Azrisal bekerja sebagai pegawai bank swasta. Ada pun Mariama, dia mengurus anak yang diberi nama Kumbara, juga aku yang cacat. 


Setelah menikah lagi, aku akui bahwa Mariama banyak berubah. Setidaknya, dia tidak hidup susah atau kekurangan uang dalam dompetnya. Tidak seperti ketika hanya aku suaminya. Azrisal memberinya uang bulanan dan jaminan lain. Mariama sekarang hanya fokus untuk putranya dan aku tanpa harus bekerja seperti dulu. Karena itu, dia punya waktu merawat diri dan rumah. 

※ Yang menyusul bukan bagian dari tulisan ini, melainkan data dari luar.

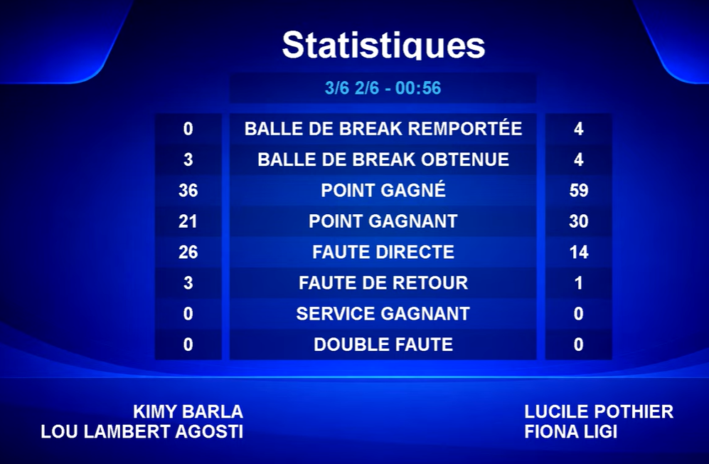 Fiona Ligi se montre particulièrement inspirée, enchaînant les coups gagnants et faisant lever le public venu en nombre. Malgré la résistance de Barla / Lambert Agosti, l’écart se creuse.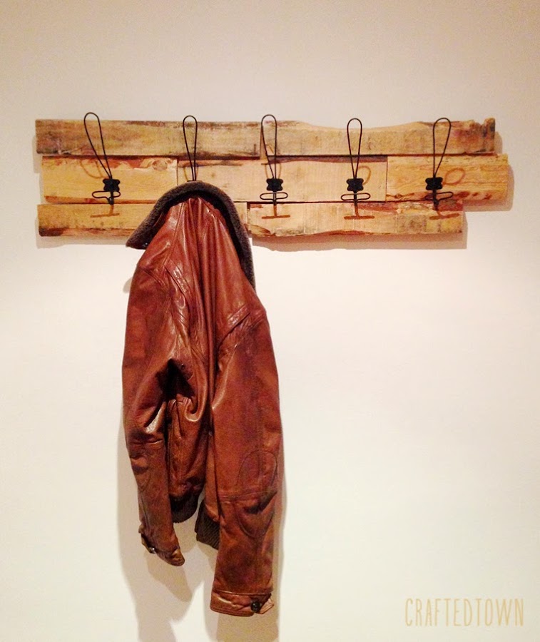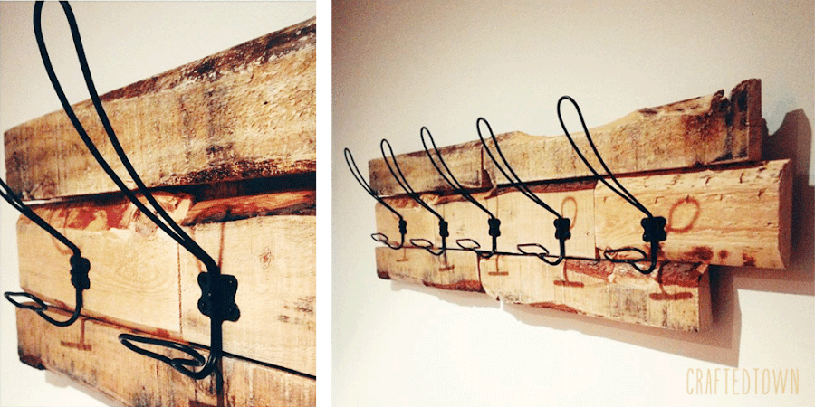 I haven"t been looking for it for a while and it has been a turn out for the books when my boyfriend gave me as a birthday present a wood base for the hooks that he had made for me with pieces of a wooden pallet that has finished their useful life. I have to own up that after making different handmade projects for friends and family it has the first time that someone has given me a handmade present and I"m so delighted with it. Here are some photos of the coat hanger finished.

Sungguh, dengan keadaan Mariama sekarang, hatiku terbakar. Semakin sadar aku betapa sangat tidak bergunanya tubuh cacat ini. Betapa mengecewakannya aku sebagai suami dan laki-laki. Menyedihkan. Aku bahkan tidak sanggup menahan air mata ketika melihat Mariama yang selalu bahagia karena Azrisal; pria baik, mapan, dan tampan itu. 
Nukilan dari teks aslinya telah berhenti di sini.